While we will be using all variables in X in our regression models, we will explain some algorithms that use only the sqft_living variable.

Here’s what the log house price looks like against sqft_living:

In [5]:
def var_scatter(df, ax=None, var="sqft_living"):
    if ax is None:
        _, ax = plt.subplots(figsize=(8, 6))
    df.plot.scatter(x=var , y="log_price", alpha=0.35, s=1.5, ax=ax)

    return ax


Linear Regression

Let’s dive in by studying the “Hello World” of regression algorithms: linear regression.

Suppose we would like to predict the log of the sale price of a home, given only the livable square footage of the home.

The linear regression model for this situation is

$$ \log(\text{price}) = \beta_0 + \beta_1 \text{sqft_living} + \epsilon $$

$ \beta_0 $ and $ \beta_1 $ are called parameters (also coefficients or weights). The machine learning algorithm is tasked with finding the parameter values that best fit the data.

$ \epsilon $ is the error term. It would be unusual for the observed $ \log(\text{price}) $ to be an exact linear function of $ \text{sqft_living} $. The error term captures the deviation of $ \log(\text{price}) $ from a linear function of $ \text{sqft_living} $.

The linear regression algorithm will choose the parameters that minimize the mean squared error (MSE) function, which for our example is written.

$$ \frac{1}{N} \sum_{i=1}^N \left(\log(\text{price}_i) - (\beta_0 + \beta_1 \text{sqft_living}_i) \right)^2 $$

The output of this algorithm is the straight line (hence linear) that passes as close to the points on our scatter chart as possible.

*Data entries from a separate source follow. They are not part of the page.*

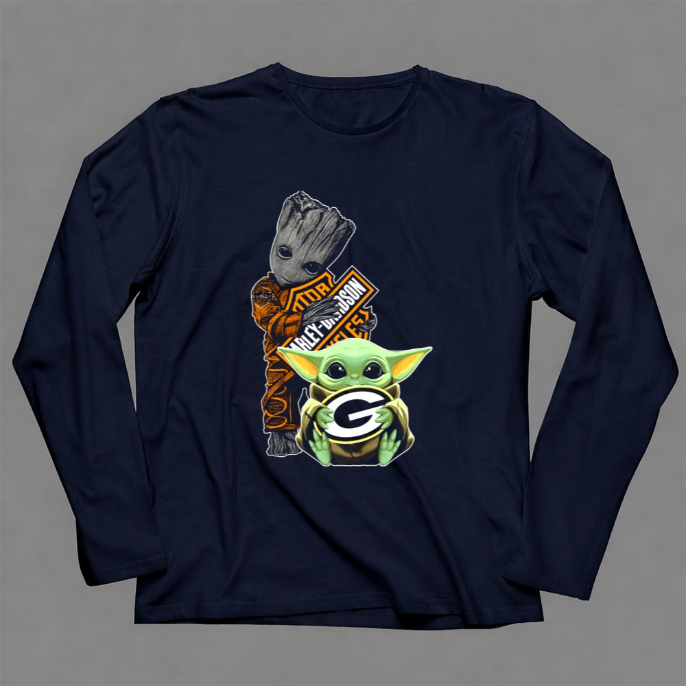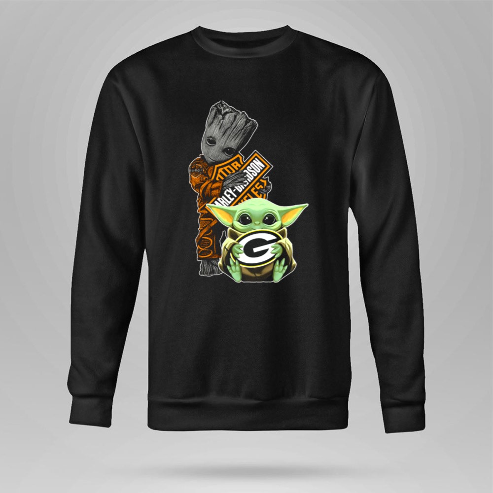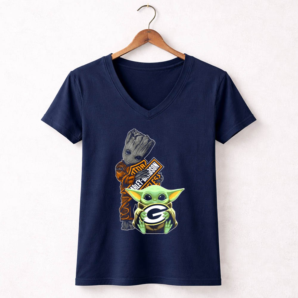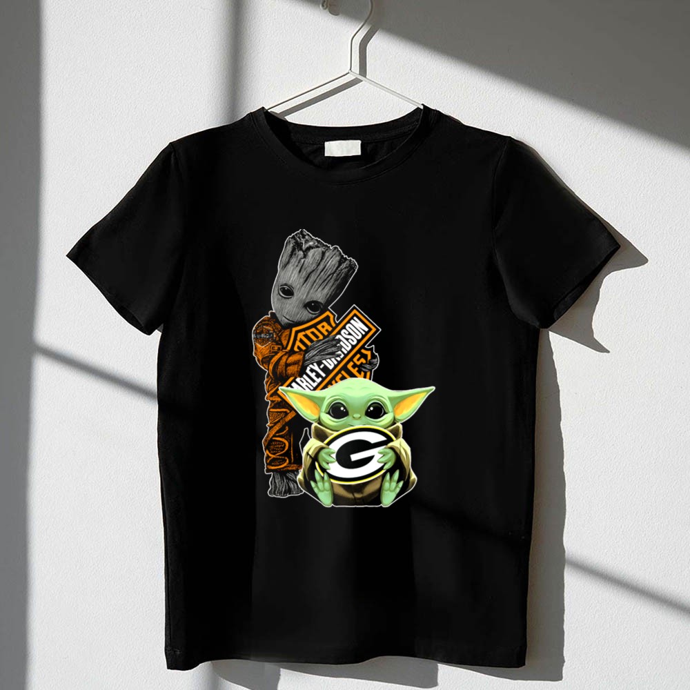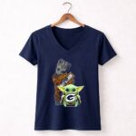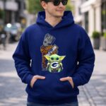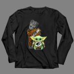 This design captures the playful fusion of two beloved universes, featuring Baby Yoda holding the Green Bay Packers logo, with Groot adding a dash of charm in the background. It embodies the spirit of camaraderie among fans, celebrating the joy of both sports and pop culture. The vibrant colors and geeky streetwear style make it a standout choice for those who cherish their interests.
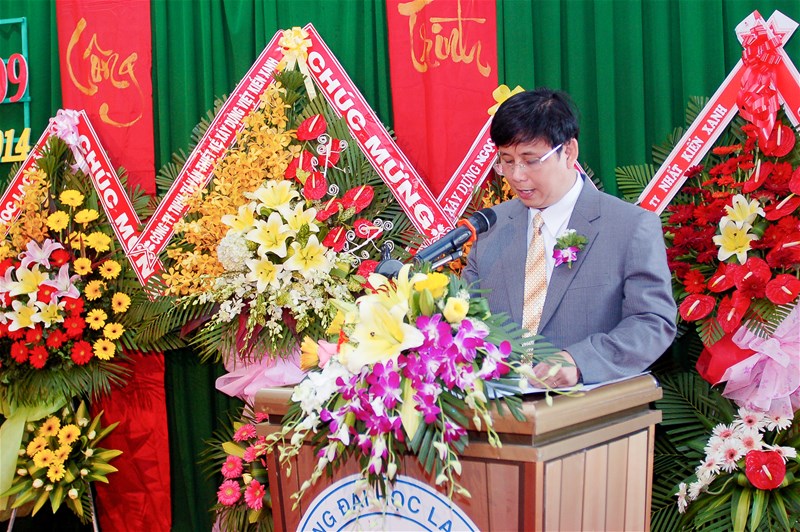Thầy Lâm Thành Hiển thay mặt BGH gửi hoa chúc mừng buổi Lễ
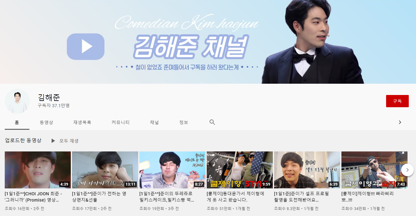 김해준 유튜브 주소 : https://www.youtube.com/channel/UCPwGQuQiIqvUTfa_OKZL7qQ
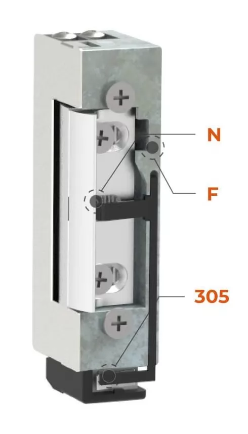 Универсальная ЭМЗ обратного действия (при подаче напряжения закрыта) , корпус симметричный (ДхШхГ 83х21х28мм), рабочее напряжение 12 или 24 VDC (43Ом), контакт мониторинга положения, регулируемый язычок. Предел прочности 3300 Н
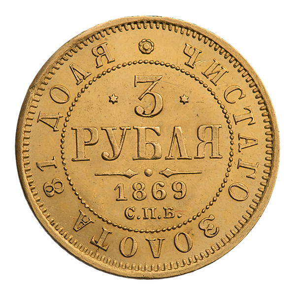 Три рубля Александра II чеканились с 1869 по 1881 год, у которых существуют разновидности[11].

The sns.lmplot function below will plot our scatter chart and draw the optimal linear regression line through the data.

In [6]:
    data=df, x="sqft_living", y="log_price", height=6,
    scatter_kws=dict(s=1.5, alpha=0.35)

Let’s use sklearn to replicate the figure ourselves.

First, we fit the model.

In [7]:
# import
from sklearn import linear_model

# construct the model instance
sqft_lr_model = linear_model.LinearRegression()

# fit the model
sqft_lr_model.fit(X[["sqft_living"]], y)

# print the coefficients
beta_0 = sqft_lr_model.intercept_
beta_1 = sqft_lr_model.coef_[0]

print(f"Fit model: log(price) = {beta_0:.4f} + {beta_1:.4f} sqft_living")
Fit model: log(price) = 12.2185 + 0.0004 sqft_living

Then, we construct the plot.

In [8]:
ax = var_scatter(df)

# points for the line
x = np.array([0, df["sqft_living"].max()])
ax.plot(x, beta_0 + beta_1*x)
[<matplotlib.lines.Line2D at 0x7f348c6feef0>]

We can call the predict method on our model to evaluate the model at arbitrary points.

For example, we can ask the model to predict the sale price of a 5,000-square-foot home.

In [9]:
# Note, the argument needs to be two-dimensional. You'll see why shortly.
logp_5000 = sqft_lr_model.predict([[5000]])[0]
print(f"The model predicts a 5,000 sq. foot home would cost {np.exp(logp_5000):.2f} dollars")
The model predicts a 5,000 sq. foot home would cost 1486889.32 dollars

See exercise 1 in the exercise list

See exercise 2 in the exercise list

Multivariate Linear Regression

Our example regression above is called a univariate linear regression since it uses a single feature.

In practice, more features would be used.

Suppose that in addition to sqft_living, we also wanted to use the bathrooms variable.

In this case, the linear regression model is

$$ \log(\text{price}) = \beta_0 + \beta_1 \text{sqft_living} + \beta_2 \text{bathrooms} + \epsilon $$

We could keep adding one variable at a time, along with a new $ \beta_{j} $ coefficient for the :math:jth variable, but there’s an easier way.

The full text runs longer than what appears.